TASK GOAL:
In the listing beneath this line, copy exactly the lines starting with the one containing "The Willow Modular" and going on through the one containing "Para a jornalista".

ENTRIES SUPPLIED:
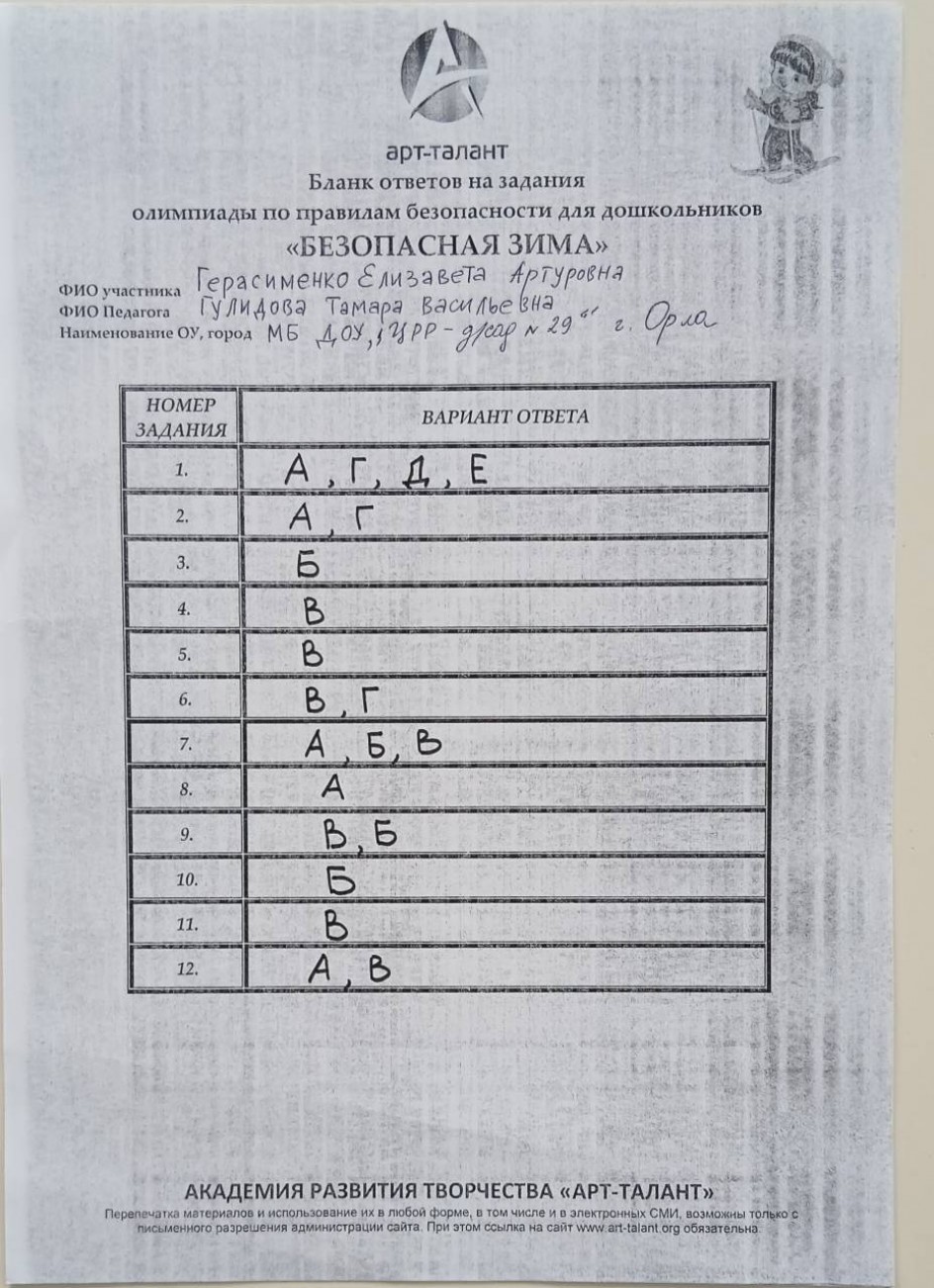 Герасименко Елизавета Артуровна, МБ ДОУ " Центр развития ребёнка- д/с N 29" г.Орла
--
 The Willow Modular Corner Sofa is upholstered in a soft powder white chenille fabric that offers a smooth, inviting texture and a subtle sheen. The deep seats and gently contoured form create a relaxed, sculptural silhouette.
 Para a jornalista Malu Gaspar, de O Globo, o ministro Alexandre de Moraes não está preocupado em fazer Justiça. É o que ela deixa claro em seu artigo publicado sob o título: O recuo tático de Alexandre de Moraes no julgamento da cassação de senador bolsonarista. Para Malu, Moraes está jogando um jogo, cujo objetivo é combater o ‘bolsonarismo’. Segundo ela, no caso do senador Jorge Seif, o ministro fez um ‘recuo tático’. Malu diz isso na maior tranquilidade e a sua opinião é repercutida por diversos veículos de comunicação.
---
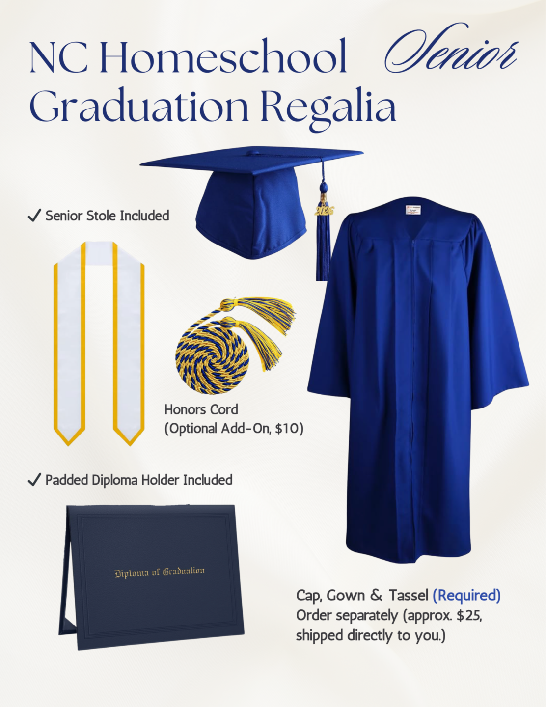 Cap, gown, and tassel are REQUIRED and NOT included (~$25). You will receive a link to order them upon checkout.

SOLVED PROBLEM:
 The Willow Modular Corner Sofa is upholstered in a soft powder white chenille fabric that offers a smooth, inviting texture and a subtle sheen. The deep seats and gently contoured form create a relaxed, sculptural silhouette.
 Para a jornalista Malu Gaspar, de O Globo, o ministro Alexandre de Moraes não está preocupado em fazer Justiça. É o que ela deixa claro em seu artigo publicado sob o título: O recuo tático de Alexandre de Moraes no julgamento da cassação de senador bolsonarista. Para Malu, Moraes está jogando um jogo, cujo objetivo é combater o ‘bolsonarismo’. Segundo ela, no caso do senador Jorge Seif, o ministro fez um ‘recuo tático’. Malu diz isso na maior tranquilidade e a sua opinião é repercutida por diversos veículos de comunicação.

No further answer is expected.